The MIMD (Multiple Instruction Multiple Data) machine such as the hypercube architectures offered by the NCUBE Corporation consists of many (up to tens of thousands) of medium speed CPU'S. Each node runs asynchronously but work can be correlated by explicit message passing. Each node has its own local memory with enough memory for both the code and distributed data. Strictly speaking, the CRAY shared memory multitasking architecture falls under the general heading of a MIMD machine. However, for the purposes of this plan, MIMD refers to a distributed memory MIMD architecture.
The SIMD (Single Instruction Multiple Data) computer such as the Connection Machine offered by Thinking Machines Corporation takes the approach of defining vector or matrix data elements which are spread out among thousands of local memory computational elements or nodes which are arranged in a hypercube architecture. One to several data elements of each vector or matrix are stored on a node. A host computer executes "vector" instructions which are broadcast and executed in parallel on large data sets.

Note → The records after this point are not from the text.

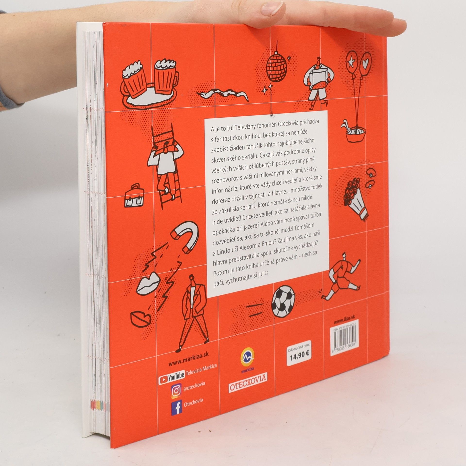 A je to tu! Televízny fenomén Oteckovia prichádza s fantastickou knihou, bez ktorej sa nemôže zaobísť žiaden fanúšik tohto najobľúbenejšieho slovenského seriálu. Čakajú vás podrobné opisy všetkých vašich obľúbených postáv, strany plné rozhovorov s vašimi milovanými hercami, všetky informácie, ktoré ste vždy chceli vedieť a ktoré sme doteraz držali v tajnosti, a hlavne... množstvo fotiek zo zákulisia seriálu, ktoré nemáte šancu nikde inde uvidieť! Chcete vedieť, ako sa natáčala slávna opekačka pri jazere? Alebo vám nedá spávať túžba dozvedieť sa, ako sa to skončí medzi Tomášom a Lindou či Alexom a Emou? Zaujíma vás, ako naši hlavní predstavitelia spolu skutočne vychádzajú? Potom je táto kniha určená práve vám – nech sa páči, vychutnajte si ju!
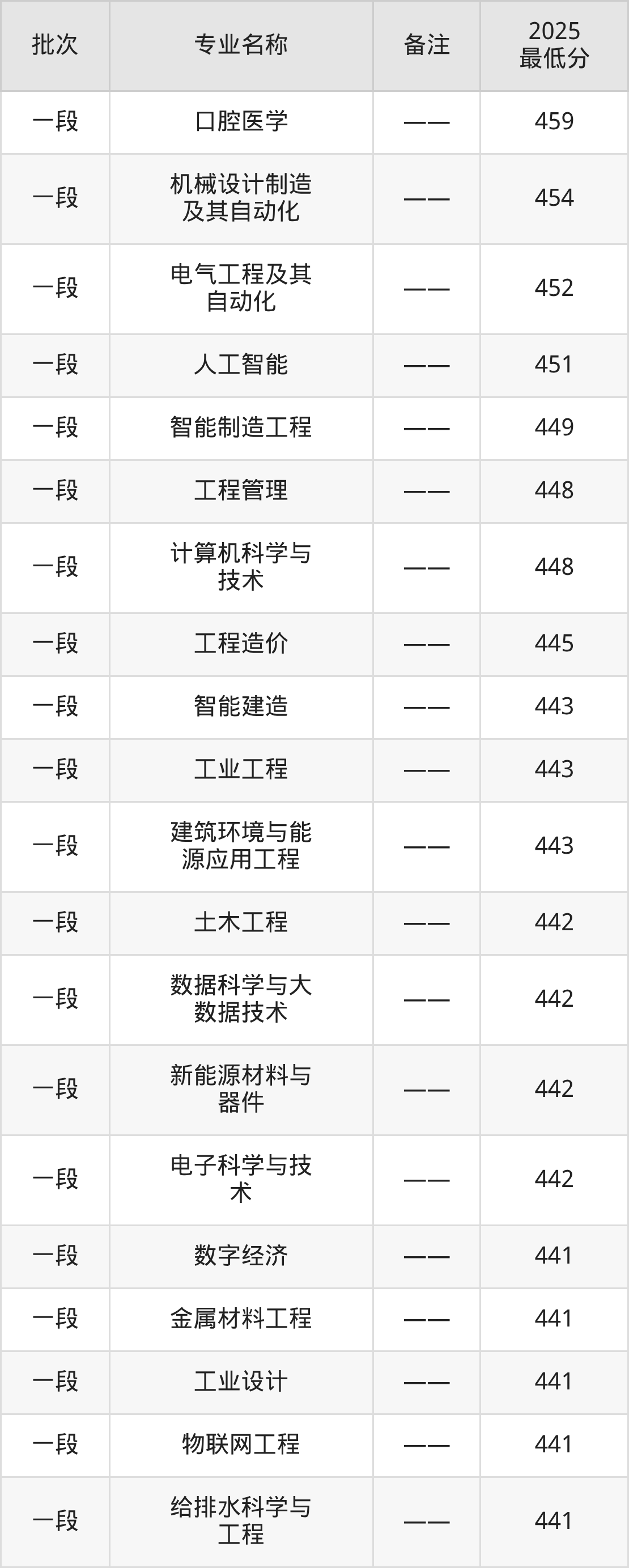 17、智能制造工程:专业最低449分
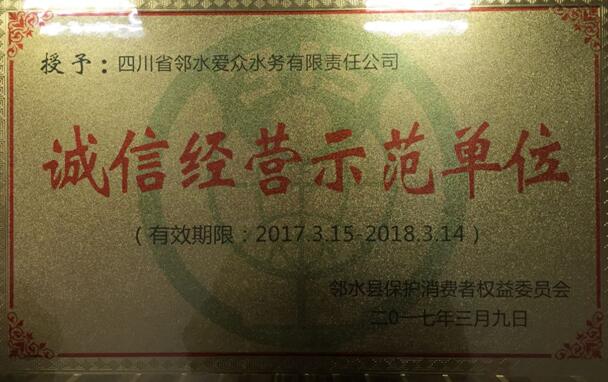 鄰水愛眾水務公司榮獲“鄰水縣誠信經營示范單位”稱號
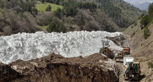 По данным местных жителей, лавина такого большого объема сошла впервые за все время существования этой автодороги, подчеркивается в публикации. "Снежные массы, ориентировочным объёмом более 1 миллиона кубометров, сошли с противоположного склона, затем заполнив полностью русло речки расползлись по полке дороги. Проезжая часть была перекрыта на протяжении 450 метров. Высота лавинной массы, под которой проходит полка дороги, составляла в среднем 20 метров", - объяснило ведомство.
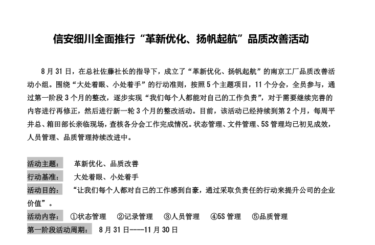 信安細(xì)川全面推行“革新優(yōu)化、揚(yáng)帆起航”質(zhì)量改善活動
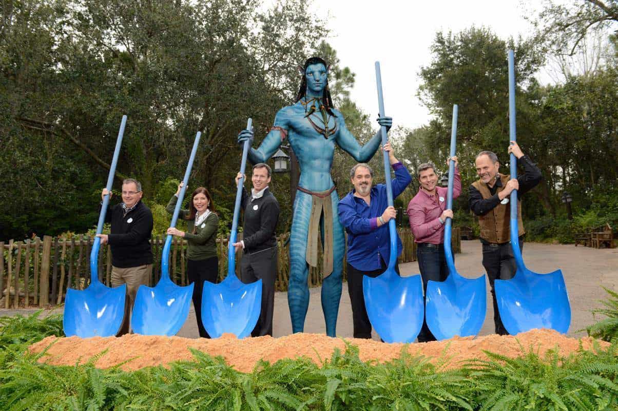 Earlier this week, the long-awaited ground breaking ceremony was held in former Camp Minnie-Mickey for the AVATAR-themed land at Disney’s Animal Kingdom. George Kalogridis, president of Walt Disney World Resort; Meg Crofton, president of Walt Disney Parks and Resorts Operations, United States and France; Tom Staggs, chairman, Walt Disney Parks and Resorts; a Na’vi; Jon Landau, AVATAR Producer; Bruce Vaughn, chief creative executive of Walt Disney Imagineering; and Joe Rohde, creative executive, Walt Disney Imagineering, pose Jan. 8, 2014 during the ceremonial groundbreaking.
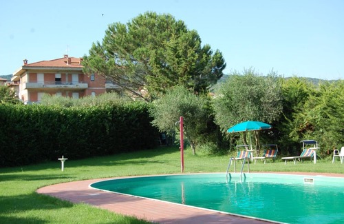Située au coeur de l'Italie et immergée dans sa belle nature, à la frontière entre l'Ombrie et la Toscane, sur le lac Trasimène, cette imposante villa offre des attractions culturelles et diverses à tous ses invités, de tous âges. La résidence se trouve à deux pas de Cortona (une célèbre ville étrusque) et des villes d'art impressionnantes comme Arezzo, Perugia, Sienne, Gubbio, Assise, Orvieto, etc. sont également faciles à joindre à partir d'ici.La villa est très adaptée aux familles, elle est entourée de vastes espaces ouverts, elle dispose d'un grand jardin (de plus de 40 mètres de largeur et de 60 mètres) avec des arbres en fleurs et des plantes variées; Il y a une belle piscine (14m x 7m) située entre la verdure, à quelques minutes à pied des installations sportives.La maison a trois étages et sa surface a été divisée en plusieurs appartements nouvellement construits. En entrant dans la grande porte du bâtiment, vous trouverez un escalier en marbre vous conduisant à chaque étage. Ensuite, il y a trois portes, une à chaque étage pour chaque appartement. D'un côté de la maison, une petite allée permet aux voitures d'accéder à un parking souterrain.Chaque appartement dispose d'une grande terrasse meublée avec deux hamacs, une chaise longue et un parasol. Le propriétaire dispose également d'un grand jardin qui peut être utilisé par les invités. Dans le sous-sol, il y a un lave-linge à usage commun.
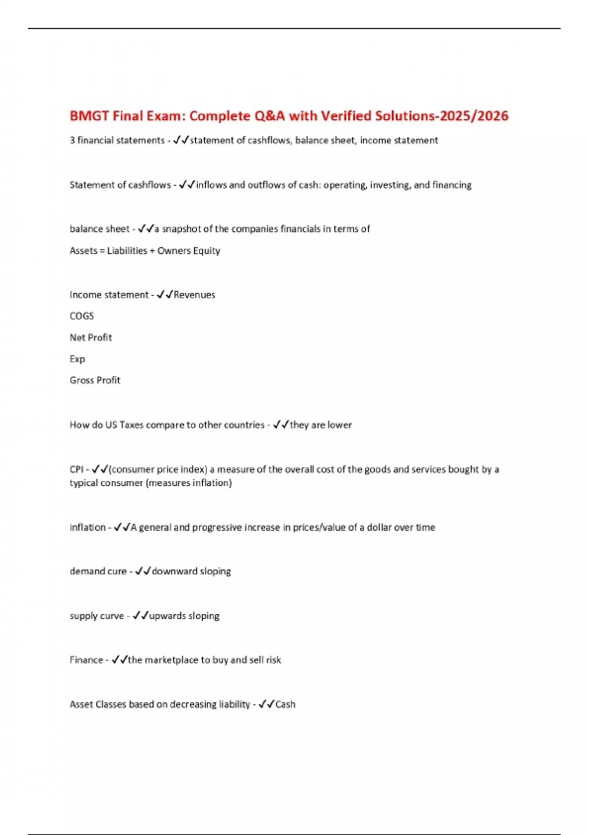 BMGT Final Exam: Complete Q&A with Verified Solutions-2025/2026
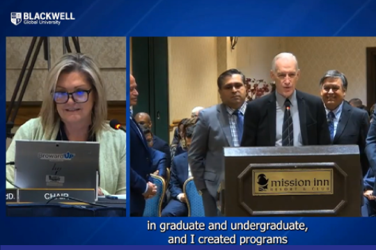 El equipo de Blackwell Global University sustentando el proyecto ante la Florida Department of Education Commission for Independent Education.
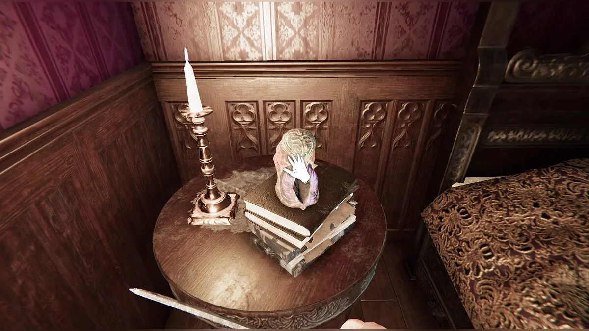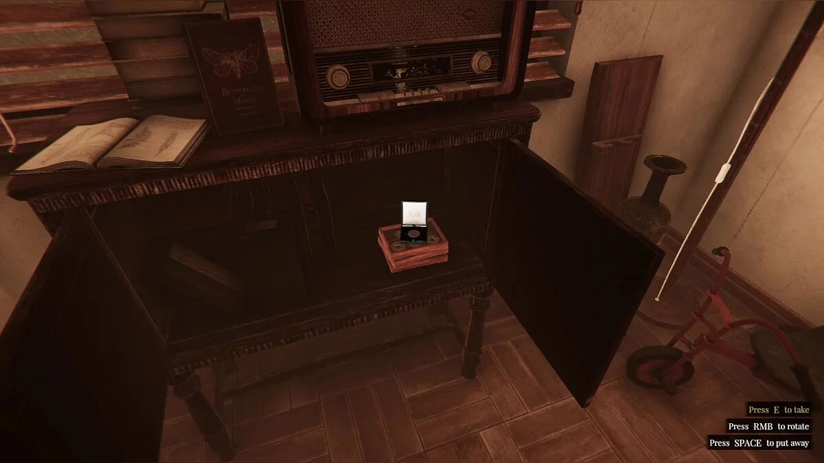 Сразу у входа возьмите болторез, откройте ящик с медикаментами и заберите правую игрушечную руку на тумбочке рядом с кроватью. Сейчас вы можете спуститься на первый этаж и установить обе руки игрушечного человечка, который находится на телефонном аппарате (достижение).

In addition to the massively parallel machines mentioned above, one has the additional option of computing on networks. For example, a small SUN LAN may include 8 different workstations each of which represent significant computational capability. Together they represent a very powerful compute engine and one would wish to utilize this capability. A number of software and hardware products are under development with the goal of turning LANs into powerful disrnbuted memory MIMD computing environments. One example is LINDA, developed at Yale University.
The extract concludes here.